Link to the Dataset(s)

N/A

BibTex

@InProceedings{Han_BAPLe_MICCAI2024,
        author = { Hanif, Asif and Shamshad, Fahad and Awais, Muhammad and Naseer, Muzammal and Shahbaz Khan, Fahad and Nandakumar, Karthik and Khan, Salman and Anwer, Rao Muhammad},
        title = { { BAPLe: Backdoor Attacks on Medical Foundational Models using Prompt Learning } },
        booktitle = {proceedings of Medical Image Computing and Computer Assisted Intervention -- MICCAI 2024},
        year = {2024},
        publisher = {Springer Nature Switzerland},
        volume = {LNCS 15012},
        month = {October},
        page = {pending}
}


Reviews

Review #1

  • Please describe the contribution of the paper

    The paper proposed a method for backdoor attack of medical foundation model during the prompt learning phase. The method termed BAPLe involves adding imperceptible learnable noise trigger in the input images and incorporating learnable prompts within the text encoder. Extensive experiments demonstrates the effectiveness of the proposed method.

  • Please list the main strengths of the paper; you should write about a novel formulation, an original way to use data, demonstration of clinical feasibility, a novel application, a particularly strong evaluation, or anything else that is a strong aspect of this work. Please provide details, for instance, if a method is novel, explain what aspect is novel and why this is interesting.
    1. The paper is well-written and easy to follow.
    2. The paper explores the backdoor attack for medical foundation models in the prompt learning phase, which is a practical setting since the training of the foundation model is expensive. The paper also considers the limited labeled samples setting which is common in medical imaging.
    3. The paper performs extensive experiments on various datasets and foundation models, which demonstrates promising results.
    4. The paper also conducts extensive ablation studies that confirms the design choices of the proposed method.
  • Please list the main weaknesses of the paper. Please provide details, for instance, if you think a method is not novel, explain why and provide a reference to prior work.
    1. My main concern about this paper what makes the attack so successful compared to the baselines. The proposed method is somewhat simple; it has two parts: patch + noise on the image input and learnable text prompt in the text input. It seems the main difference compared to the baselines is the text prompt, but there is no experiment showing the effectiveness of this component.
    2. The paper should also compare to more recent state-of-the-art poisoning attacks, such as sleeper agent (https://arxiv.org/abs/2106.08970).
    3. What are the patch triggers used in this paper?

    Grammar error: Page 6 second to the last line “due the large network over-fitted to”

  • Please rate the clarity and organization of this paper

    Very Good

  • Please comment on the reproducibility of the paper.
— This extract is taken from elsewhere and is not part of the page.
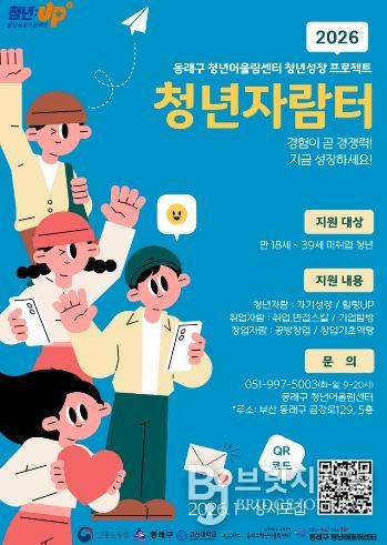 브릿지저널 윤나영 기자 | 부산 동래구는 미취업 청년들의 진로 탐색과 취·창업 역량 강화를 지원하기 위해 ‘2026년 청년성장프로젝트 : 청년자람터 1기’ 참여자를 모집한다고 밝혔다.

Please be aware that providing code and data is a plus, but not a requirement for acceptance.

    The authors claimed to release the source code and/or dataset upon acceptance of the submission.

  • Do you have any additional comments regarding the paper’s reproducibility?

    N/A

  • Please provide detailed and constructive comments for the authors. Please also refer to our Reviewer’s guide on what makes a good review. Pay specific attention to the different assessment criteria for the different paper categories (MIC, CAI, Clinical Translation of Methodology, Health Equity): https://conferences.miccai.org/2024/en/REVIEWER-GUIDELINES.html

    See the weakness section.

  • Rate the paper on a scale of 1-6, 6 being the strongest (6-4: accept; 3-1: reject). Please use the entire range of the distribution. Spreading the score helps create a distribution for decision-making

    Weak Reject — could be rejected, dependent on rebuttal (3)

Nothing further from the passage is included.